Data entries
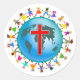 En illustration av en grupp av olika små pojkar och flickor som håller händer i världen och ett rött kor som representerar tron på Kristus. Anpassa enkelt och välj din egen bakgrund färg. Bild finns tillgänglig på olika presenter och produkter.
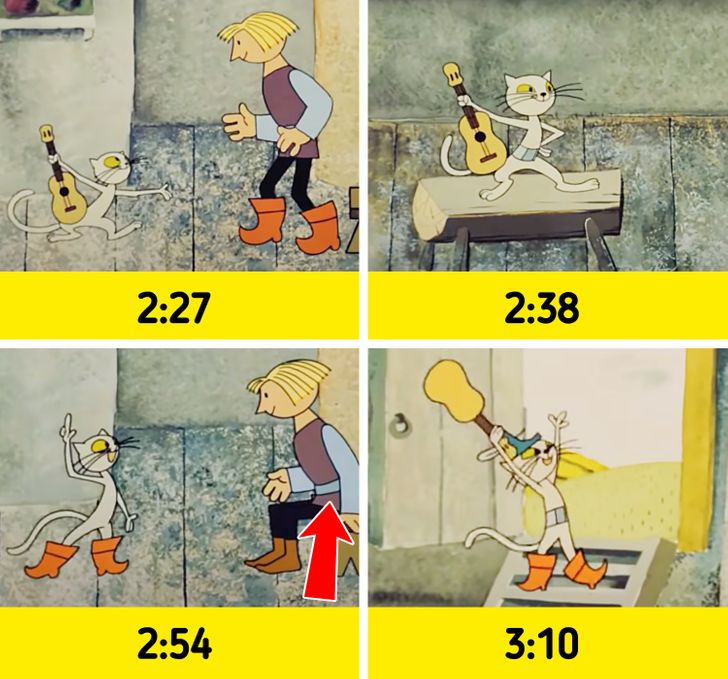 3. В мультике «Кот в сапогах» у кота постоянно меняется наличие одежды на нем. То он без ничего, то в поясе, то в одних сапогах...
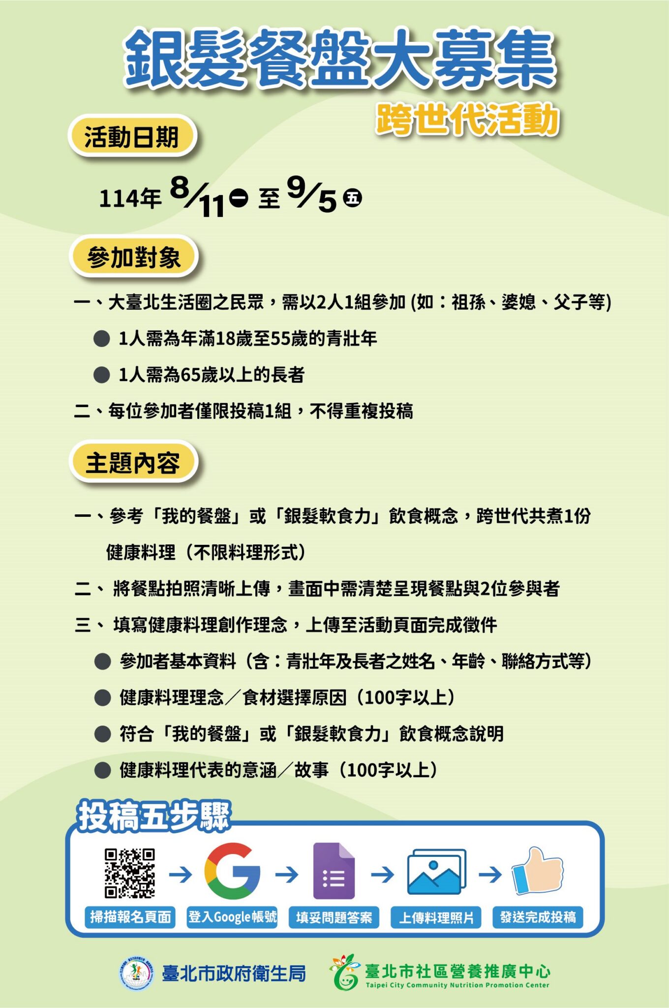 臺北市衛生局表示,為讓青壯年朋友重視家中長者高齡營養,於8月24日祖父母節前夕舉辦「銀養餐盤大募集」活動。由青壯年與長輩共同設計飲食,還有機會獲得最多400元加菜金!
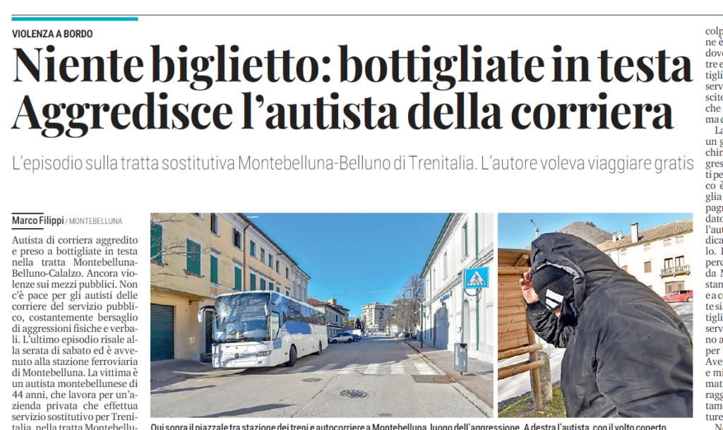 Autista di corriera aggredito e preso a bottigliate in testa nella tratta Montebelluna-Belluno-Calalzo. L’episodio risale alla serata di sabato ed è avvenuto alla stazione ferroviaria di Montebelluna. La vittima è un autista montebellunese di 44 anni, che lavora per un’azienda privata che effettua servizio sostitutivo per Trenitalia.
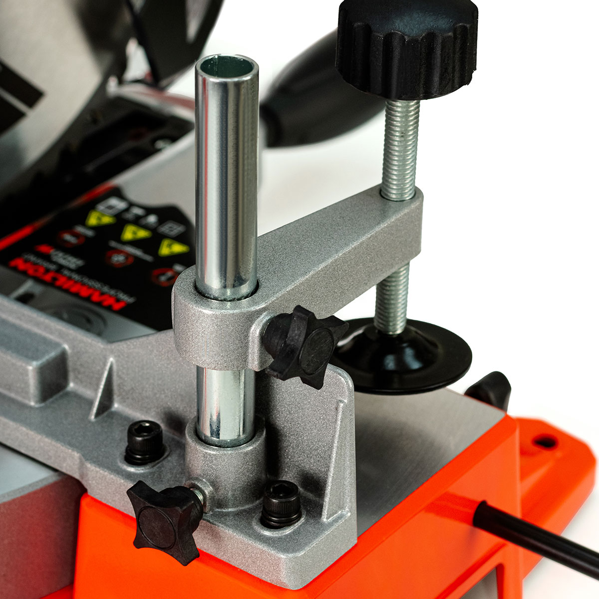 Su estructura incorpora extensiones de mesa en ambos lados, que amplían el área de apoyo para piezas largas y aumentan la estabilidad del corte. El dispositivo de sujeción mantiene el material firmemente sujeto, evitando movimientos o desplazamientos durante la operación. Con un diseño estable, clase de aislación II, cable de 2 metros y cuerpo equilibrado, la HNG002F es una herramienta sólida, confiable y de gran eficiencia para el trabajo diario.
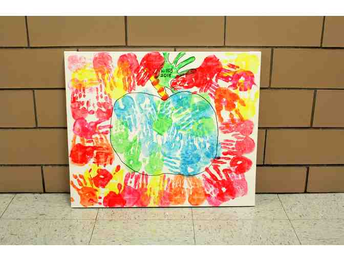 Students in K-103 created an apple with their handprints. The class uses tamper of different colors, the space in the canvas and the position of their hands to transmit their daily enthusiasm and classroom experiences. They show us their talent, and collaboration, using a Big Apple theme. This piece is on canvas and is 24"x20".
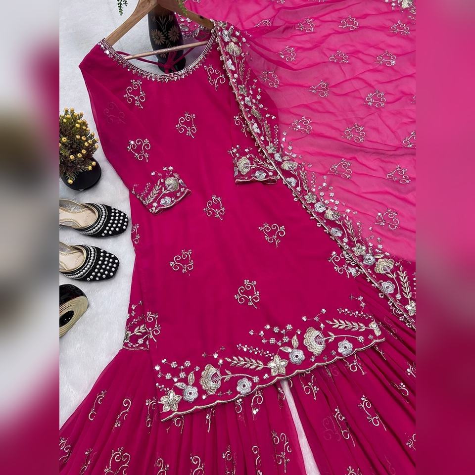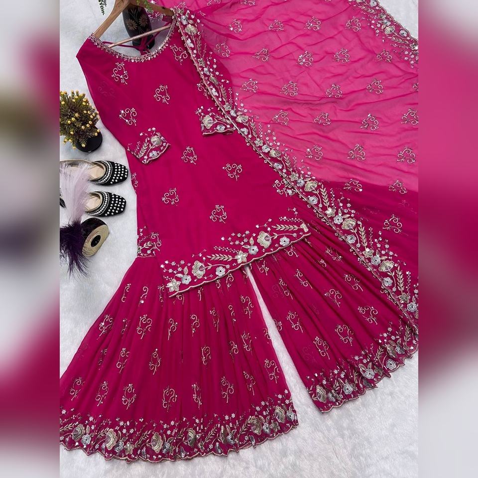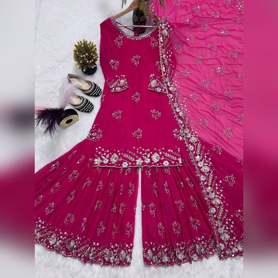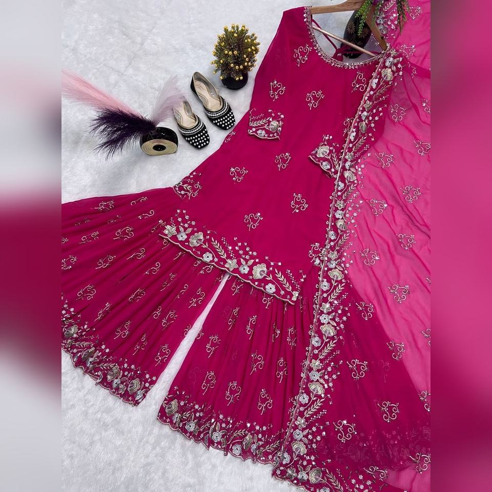 ชุดสูทผู้หญิงราคาโรงงาน ไซส์ M-XXL ผ้าจอร์เจตต์ งานปักมือ 3 ชิ้น สำหรับจัดจำหน่ายในแคตตาล็อกและคอลเลคชั่นแฟนซีในร้าน
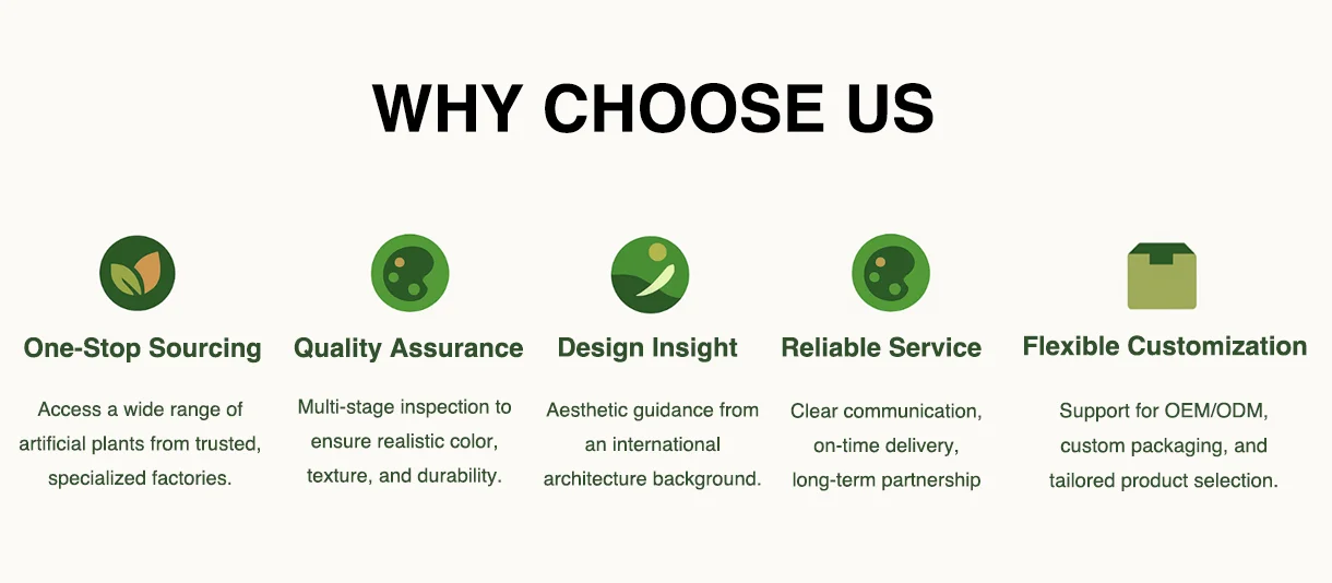 Ana ürünler:Yapay bitkiler, yapay ağaçlar, yapay bitki duvarı, yapay çiçekler, çit
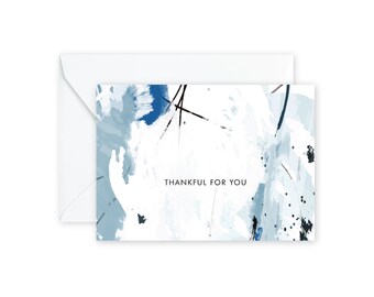 THANKFUL FOR YOU Blue Black Notecards + Envelopes Pack | Boxed Set (8)

→ **The problem**:
Starting at the first line of the records above, set down each line exactly through the one that holds "Autista di corriera". Omit pictures.

→ **Completed exercise**:
 En illustration av en grupp av olika små pojkar och flickor som håller händer i världen och ett rött kor som representerar tron på Kristus. Anpassa enkelt och välj din egen bakgrund färg. Bild finns tillgänglig på olika presenter och produkter.
 3. В мультике «Кот в сапогах» у кота постоянно меняется наличие одежды на нем. То он без ничего, то в поясе, то в одних сапогах...
 臺北市衛生局表示,為讓青壯年朋友重視家中長者高齡營養,於8月24日祖父母節前夕舉辦「銀養餐盤大募集」活動。由青壯年與長輩共同設計飲食,還有機會獲得最多400元加菜金!
 Autista di corriera aggredito e preso a bottigliate in testa nella tratta Montebelluna-Belluno-Calalzo. L’episodio risale alla serata di sabato ed è avvenuto alla stazione ferroviaria di Montebelluna. La vittima è un autista montebellunese di 44 anni, che lavora per un’azienda privata che effettua servizio sostitutivo per Trenitalia.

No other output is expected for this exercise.